29th Jun, 2022

Petitioning families call for ban on pavement parking in Coventry

Correspondent 9th Feb, 2017

PETITIONING families are calling for a ban on pavement parking in Coventry.

But council officers are recommending councillors work within existing measures – adopting two years ago – to tackle the problem.

A petition with dozens of signatures, supported by ward councillor Jim O’Boyle, calls for more enforcement against motorists who park on pavements.

It states pavement parking is “socially inconsiderate and unacceptable nuisance” and “presents a hazard and inconvenience to pedestrians and other legitimate users especially those who are disabled, and require access such as emergency services.

Vehicles leaking oil and diesel on the pavement, creating slip hazards, is also a concern.

The petitioners say pavement parking is not illegal as long as it is not a danger or obstruction, yet point to an apparent inconsistency that driving on the pavement is.

Cabinet member for city services, Labour councillor Jayne Innes, has been advised by council officers to endorse continuing with measures approved at the council in February 2015 – in response to a similar petition.

It means the council would:

* Continue to work with the police to deal with obstructions on the pavement.

* Continue to fund where possible “physical measures to remove parking that obstructs a footway as part of the verge parking programme.”

Council offers also say further measures which might have become law contained in a proposed Pavement Parking Bill did not progress through Parliament.

Councillor officers say the Bill would have tackled inconsistencies throughout England and Wales to make it clearer to all motorists that it is wrong to park on a footway without the specific permission of councils and police.

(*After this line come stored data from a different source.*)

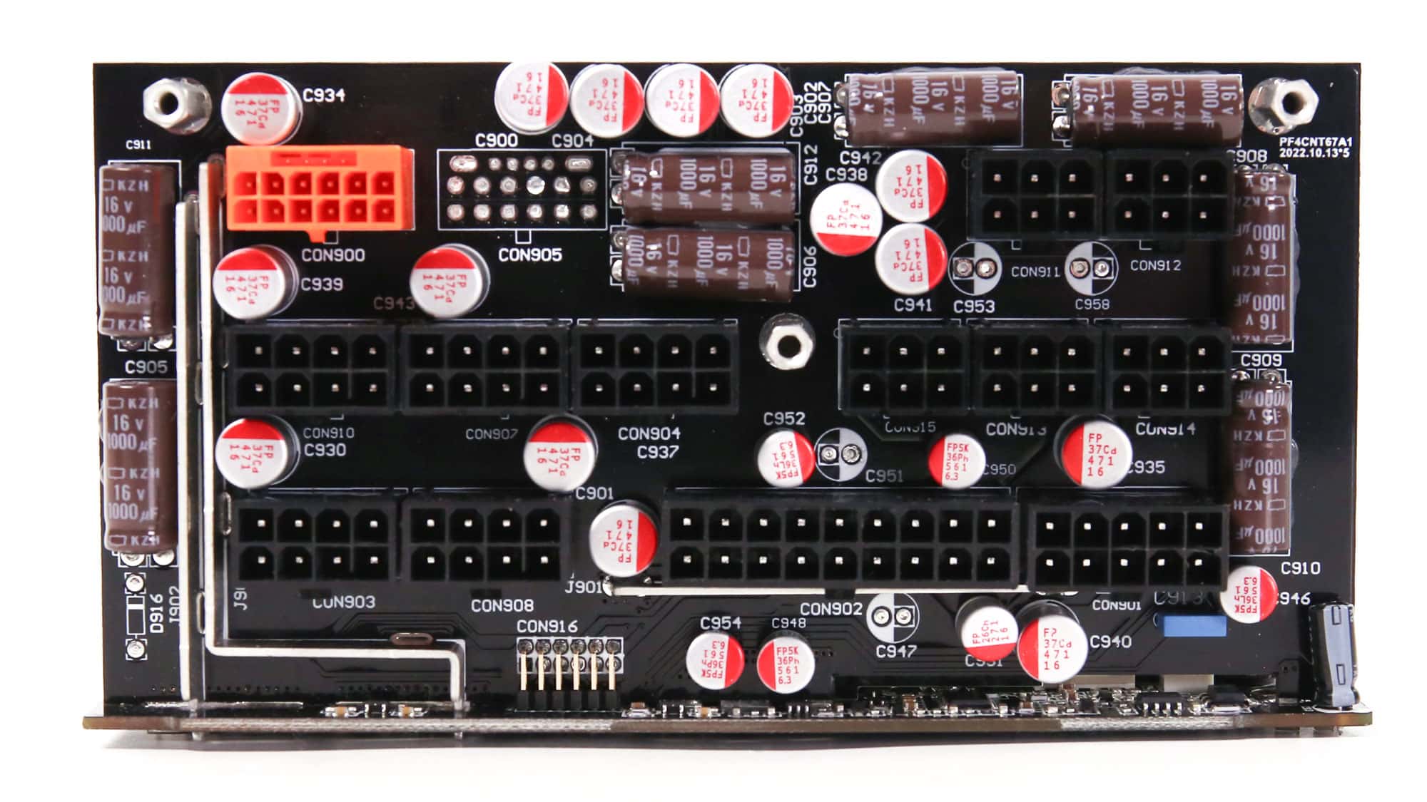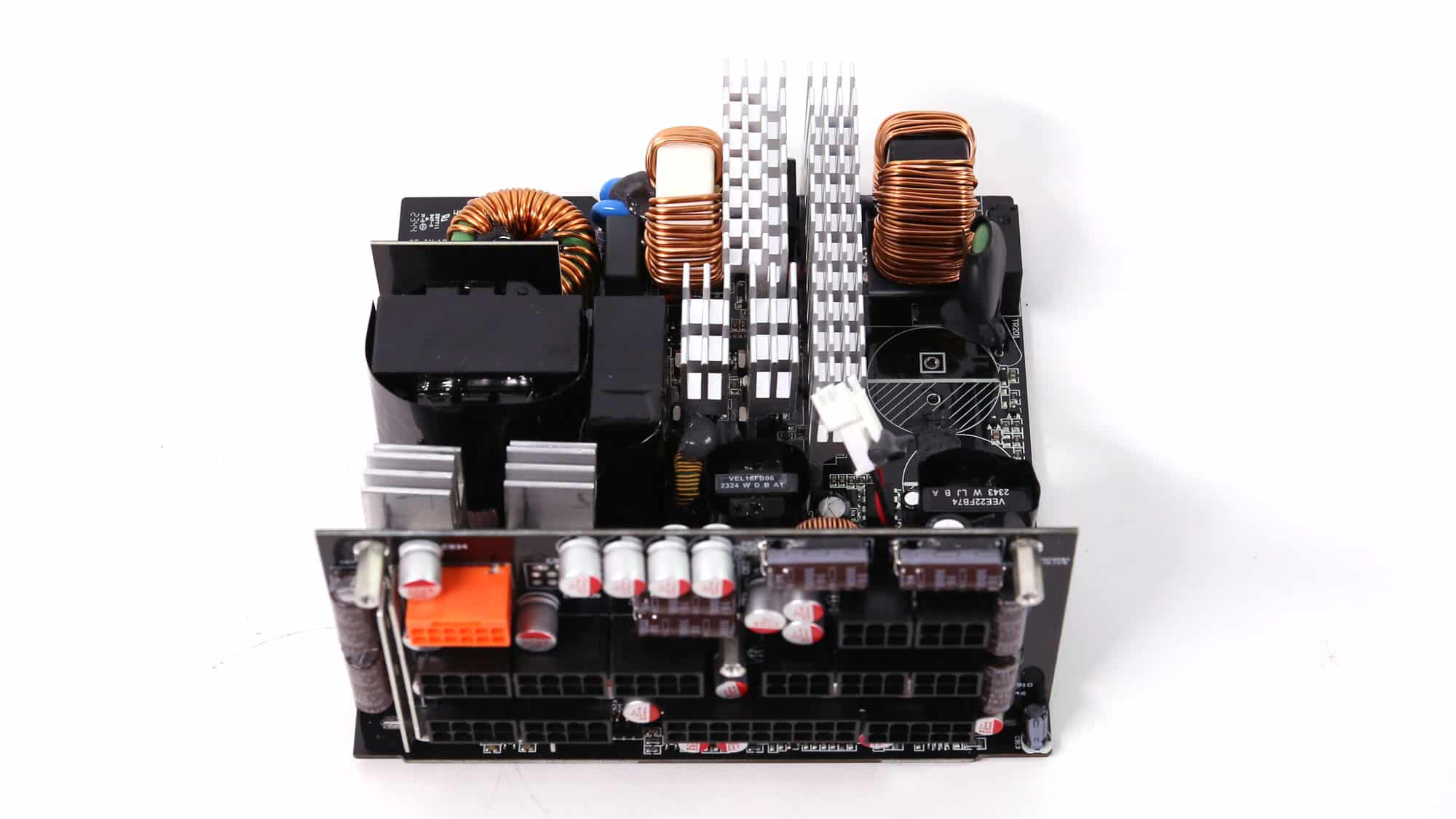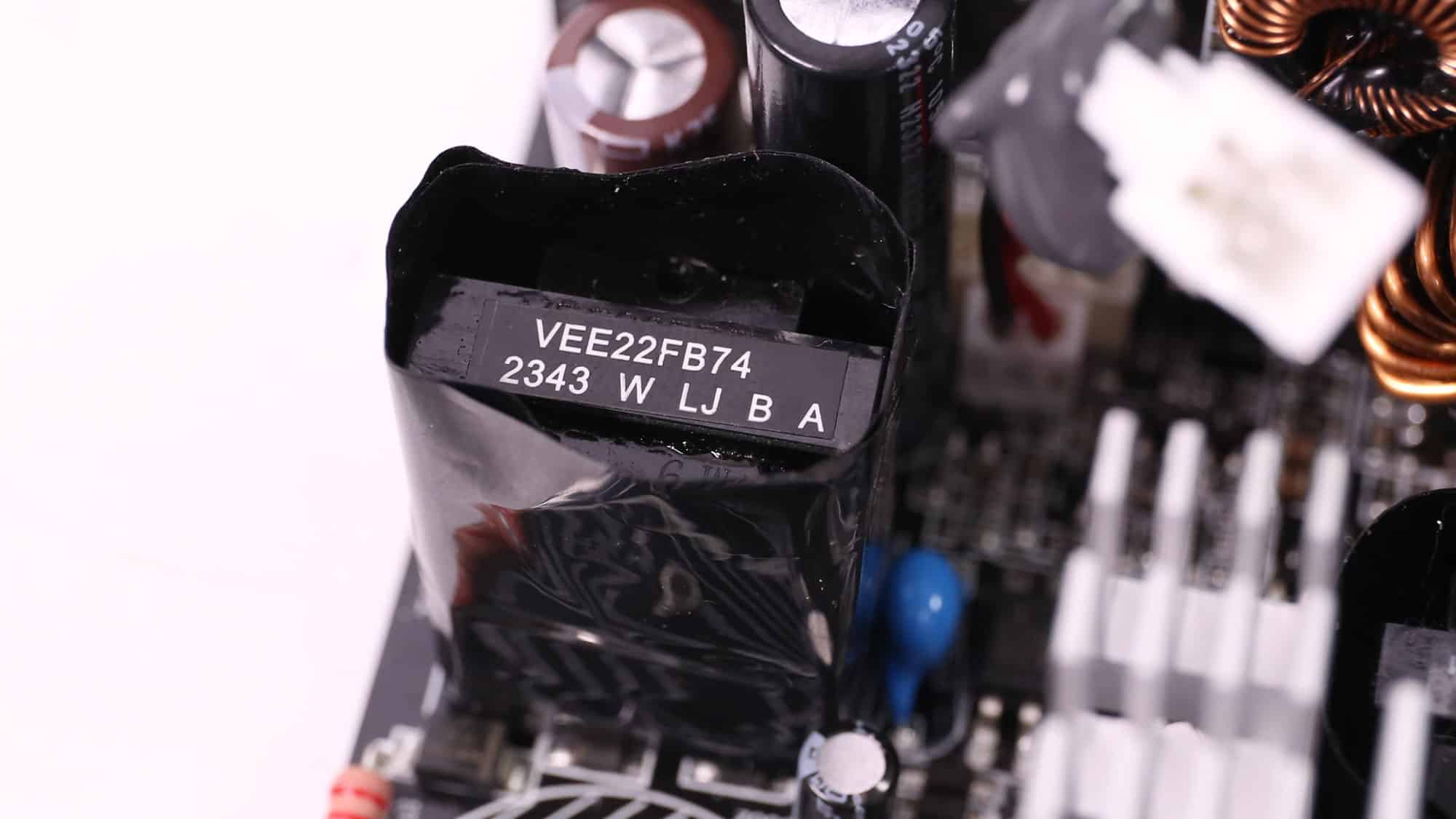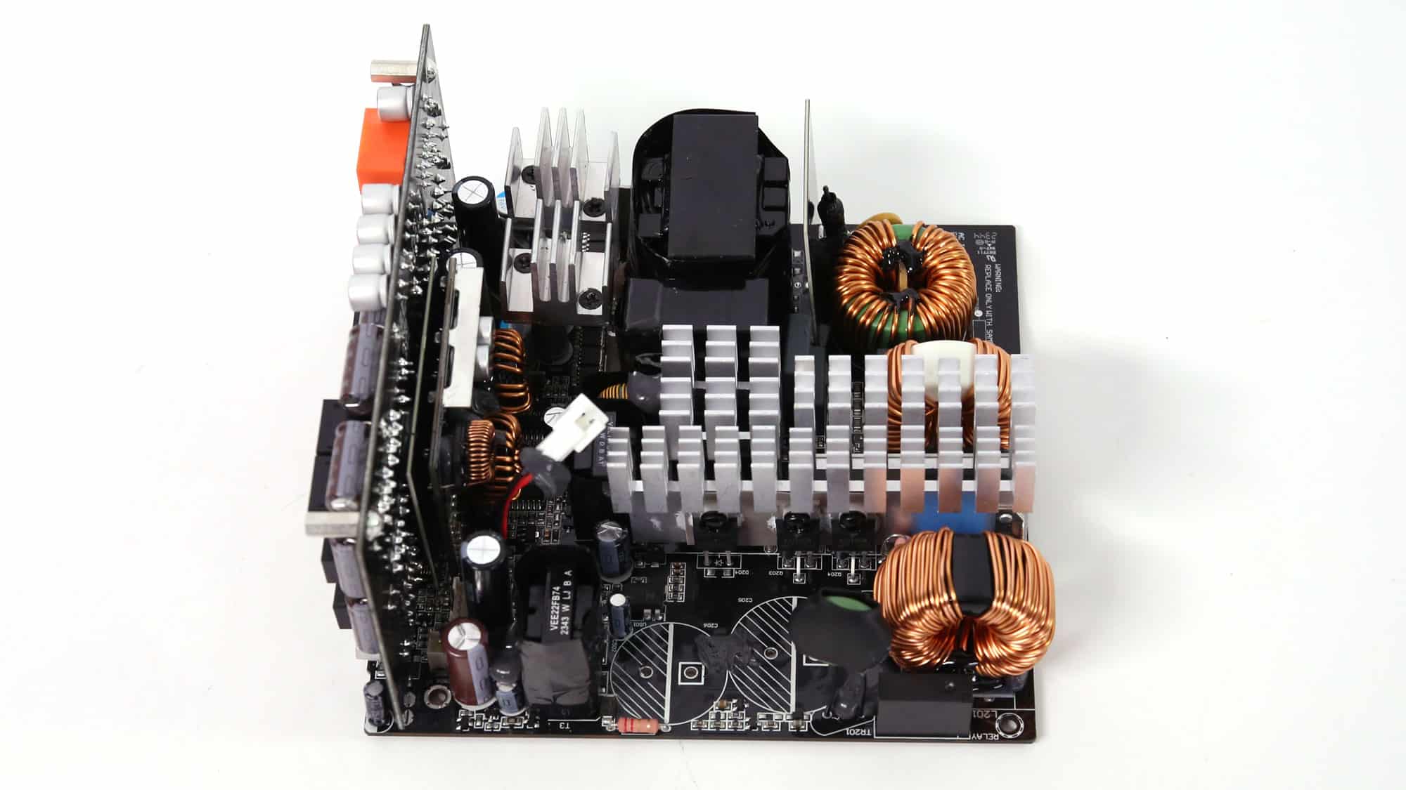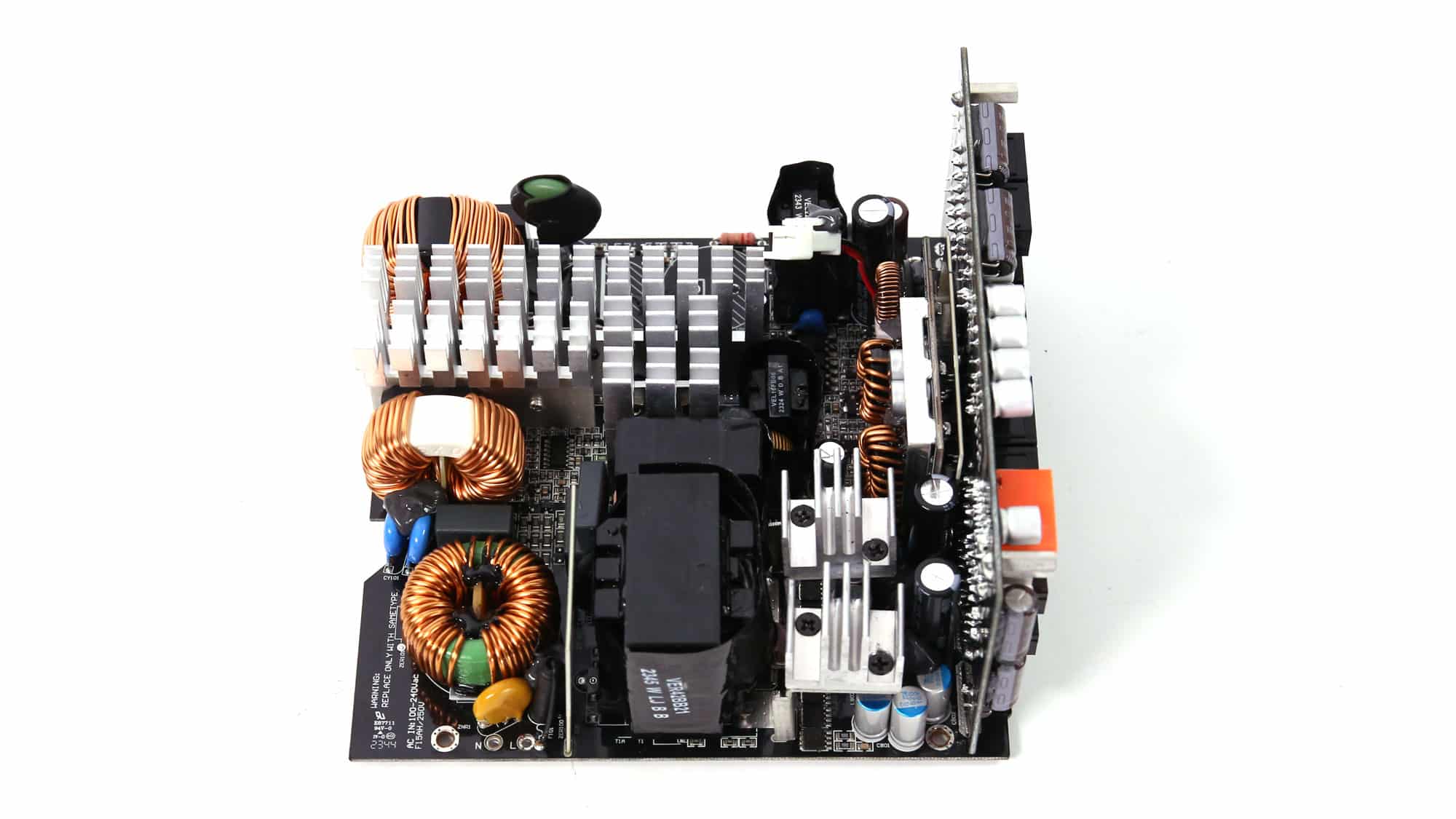 Seasonic provides the platform, featuring a contemporary design with a full-bridge topology on the primary side and an LLC resonant converter for reduced energy losses. There is enough space between parts on the PCB to allow for good airflow. The primary heatsink is large enough; the same goes for the heatsinks handling the 12V FETs on the PCB’s business side. The interesting part of this design is that no components are installed on the PCB’s back side, not even the 12V FETs.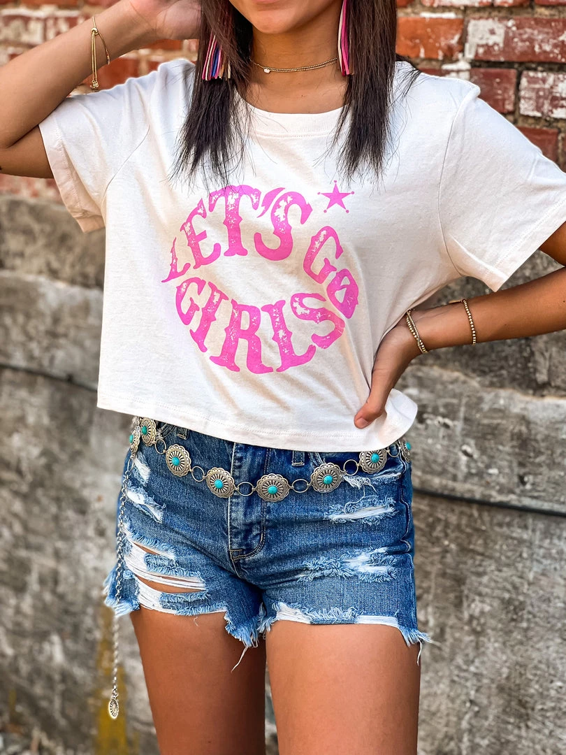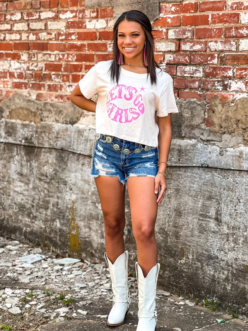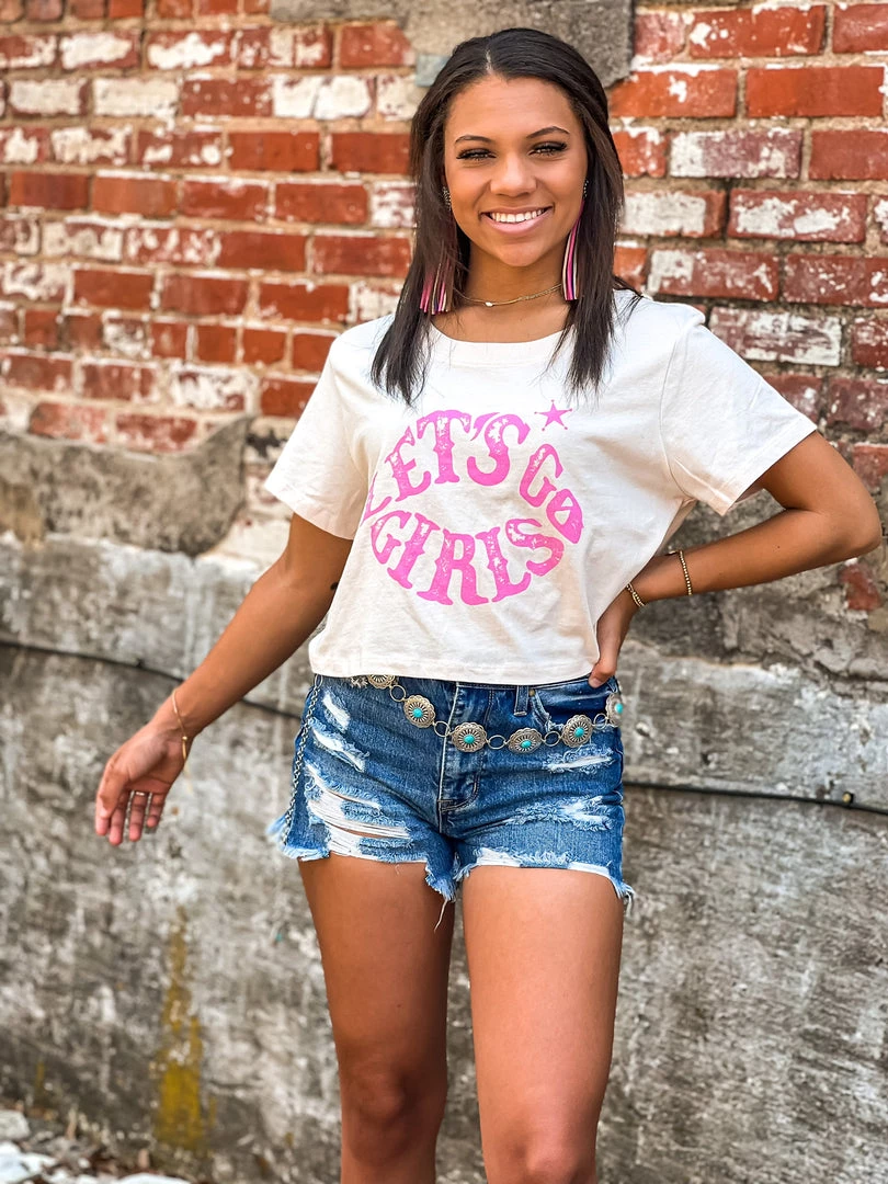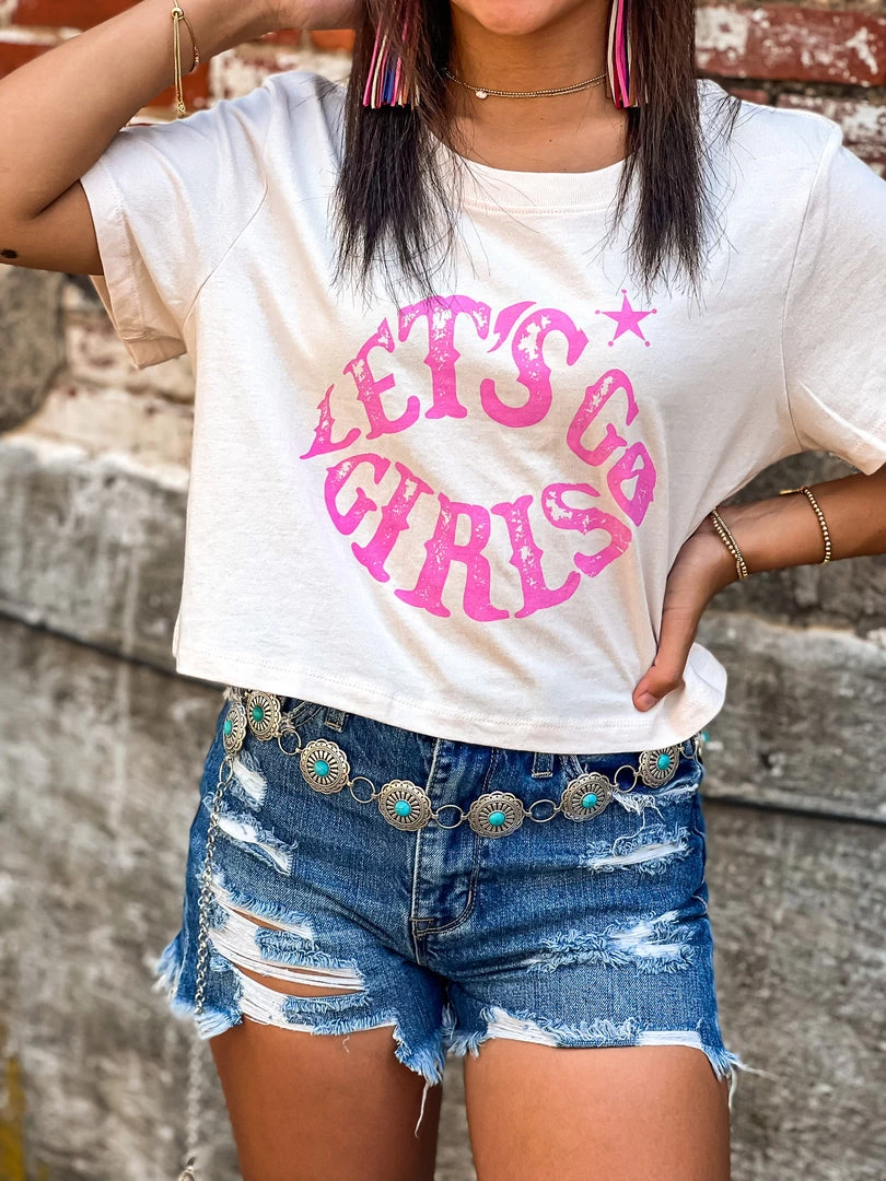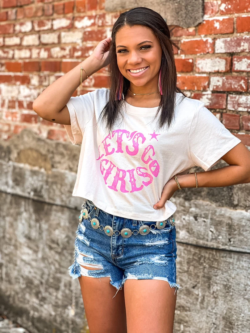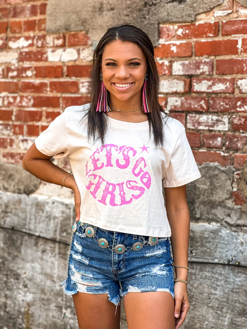 - Western “Let’s Go Girls” quote on a cropped super light pink graphic tee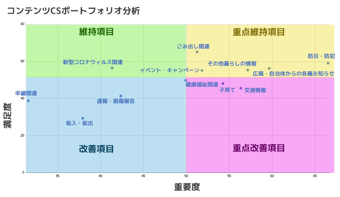 コンテンツの満足度と重要度でCSポートフィリオ分析をしたところ、重点維持項目に、「ごみ出し関連」「暮らしの情報」「広報・自治体からの各種お知らせ」「イベント・キャンペーン」「防災・防犯」が分布され満足度の高い結果となっている。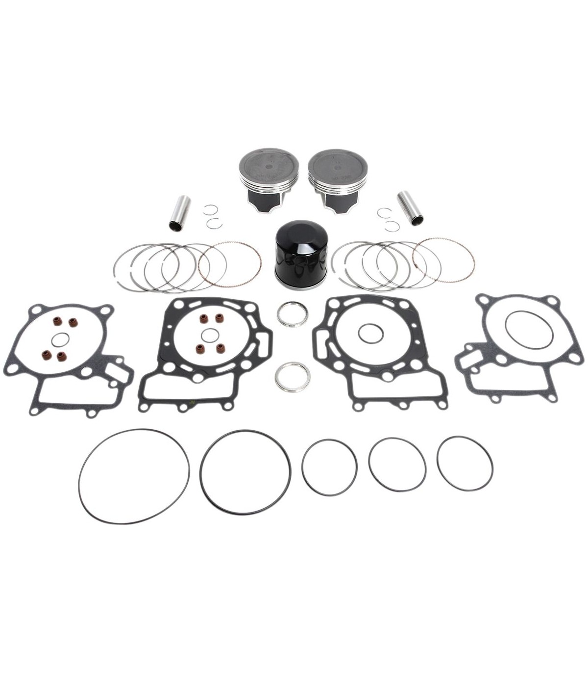 Kit de reconditionnement haut-moteurKits piston de qualité supérieureInclut des pistons, des segments, des circlips, des clips, des roulements à aiguilles, des joints de culasse et d’embase, des joints d’admission et d’échappement et un filtre à huile pour modèles à 4 temps

Options available to the council include introducing waiting restrictions where there are pavement parking issues, through Traffic Regulation Orders.

The law allows for the use of TROs to improve safety or traffic flow, and to preserve amenities of an area.

When making a TRO, the authorities also have to provide for convenient and safe movement for traffic and pedestrians, adequate parking, and public transport provision.